1

I have a GKE cluster which, for the sake of simplicity runs just Prometheus, monitoring each member node. Recently I recently upgraded the API server to 1.6 (which introduces RBAC), and had no issues. I then added a new node, running version 1.6 kubelet. Prometheus could not access the metrics API of this new node.

Prometheus targets page

So, I added a ClusterRole, ClusterRoleBinding and a ServiceAccount to my namespace, and configured the deployment to use the new ServiceAccount.

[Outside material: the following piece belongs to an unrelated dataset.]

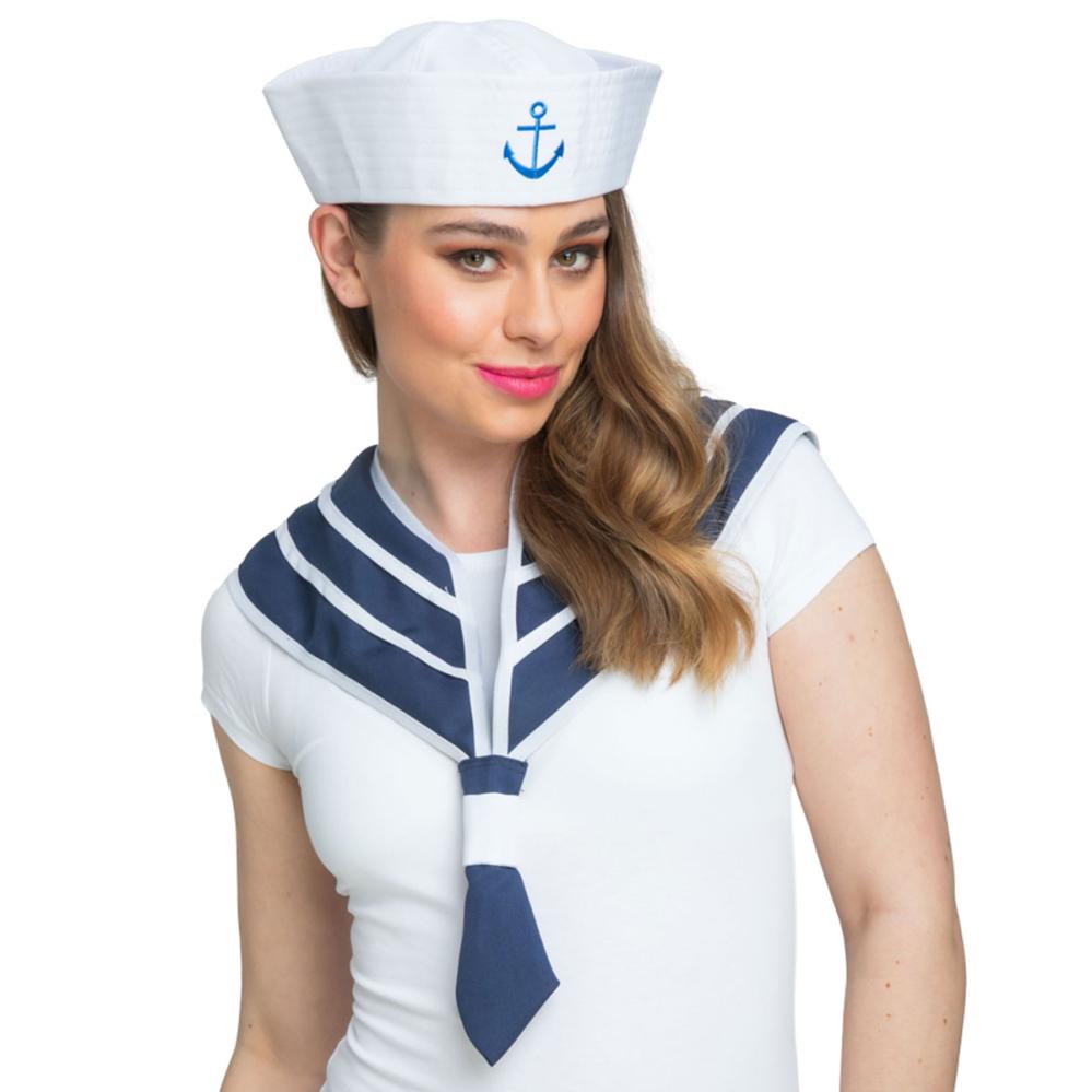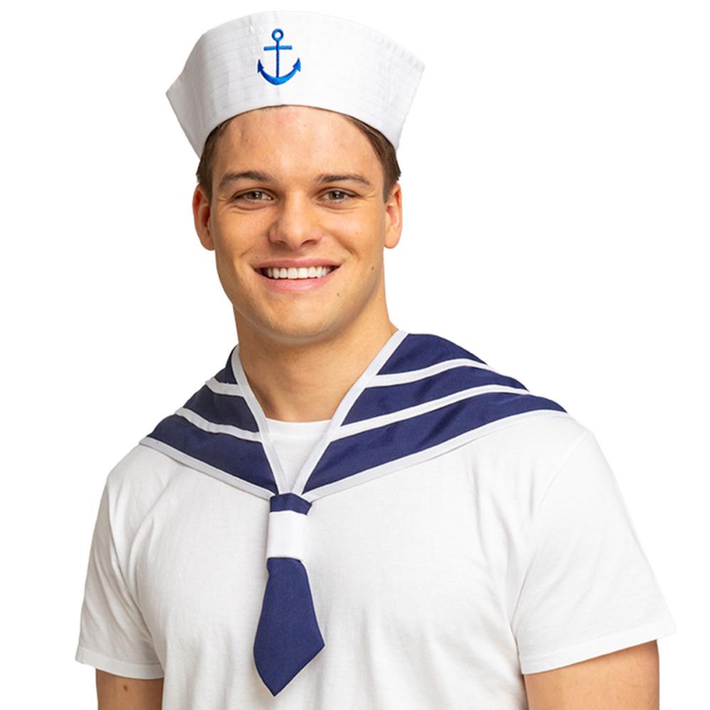 Sjømann Maskeradesett 2-pakning omfatter en hvit sjømannshatt med et blått brodert anker samt et blått og hvitt stripet sjømannsskjerf.

I then deleted the pod for good measure:

apiVersion: v1
kind: ServiceAccount
metadata:
  name: prometheus
---

apiVersion: rbac.authorization.k8s.io/v1beta1
kind: ClusterRole
metadata:
  name: prometheus
rules:
- apiGroups: [""]
  resources:
  - nodes
  - services
  - endpoints
  - pods
  verbs: ["get", "list", "watch"]
- apiGroups: [""]
  resources:
  - configmaps
  verbs: ["get"]
- nonResourceURLs: ["/metrics"]
  verbs: ["get"]
---

apiVersion: rbac.authorization.k8s.io/v1beta1
kind: ClusterRoleBinding
metadata:
  name: prometheus
roleRef:
  apiGroup: rbac.authorization.k8s.io
  kind: ClusterRole
  name: prometheus
subjects:
- kind: ServiceAccount
  name: prometheus
  namespace: default
---

apiVersion: v1
kind: ServiceAccount
metadata:
  name: prometheus
  namespace: default
secrets:
- name: prometheus-token-xxxxx

---
apiVersion: extensions/v1beta1
kind: Deployment
metadata:
  labels:
    app: prometheus-prometheus
    component: server
    release: prometheus
  name: prometheus-server
  namespace: default
spec:
  replicas: 1
  selector:
    matchLabels:
      app: prometheus-prometheus
      component: server
      release: prometheus
  strategy:
    rollingUpdate:
      maxSurge: 1
      maxUnavailable: 1
    type: RollingUpdate
  template:
    metadata:
      labels:
        app: prometheus-prometheus
        component: server
        release: prometheus
    spec:
      dnsPolicy: ClusterFirst
      restartPolicy: Always
      schedulerName: default-scheduler
      serviceAccount: prometheus
      serviceAccountName: prometheus
      ...

But the situation remains unchanged.

The metrics endpoint returns HTTP/1.1 401 Unauthorized, and when I modify the Deployment to include another container with bash + curl installed and make the request manually, I get:

# curl -vsSk -H "Authorization: Bearer $(</var/run/secrets/kubernetes.io/serviceaccount/token)" https://$NODE_IP:10250/metrics
*   Trying $NODE_IP...
* Connected to $NODE_IP ($NODE_IP) port 10250 (#0)
* found XXX certificates in /etc/ssl/certs/ca-certificates.crt
* found XXX certificates in /etc/ssl/certs
* ALPN, offering http/1.1
* SSL connection using TLS1.2 / ECDHE_RSA_AES_128_GCM_SHA256
*    server certificate verification SKIPPED
*    server certificate status verification SKIPPED
*    common name: node-running-kubelet-1-6@000000000 (does not match '$NODE_IP')
*    server certificate expiration date OK
*    server certificate activation date OK
*    certificate public key: RSA
*    certificate version: #3
*    subject: CN=node-running-kubelet-1-6@000000000
*    start date: Fri, 07 Apr 2017 22:00:00 GMT
*    expire date: Sat, 07 Apr 2018 22:00:00 GMT
*    issuer: CN=node-running-kubelet-1-6@000000000
*    compression: NULL
* ALPN, server accepted to use http/1.1
> GET /metrics HTTP/1.1
> Host: $NODE_IP:10250
> User-Agent: curl/7.47.0
> Accept: */*
> Authorization: Bearer **censored**
>
< HTTP/1.1 401 Unauthorized
< Date: Mon, 10 Apr 2017 20:04:20 GMT
< Content-Length: 12
< Content-Type: text/plain; charset=utf-8
<
* Connection #0 to host $NODE_IP left intact
  • Why doesn't that token allow me to access that resource?
  • How does one check the access granted to a ServiceAccount?
pnovotnak
  • 260
  • 4
  • 11

2 Answers2

1

I run into the same issue and created ticket https://github.com/prometheus/prometheus/issues/2606 for this and out of it's discussion updated the configuration examples via PR https://github.com/prometheus/prometheus/pull/2641.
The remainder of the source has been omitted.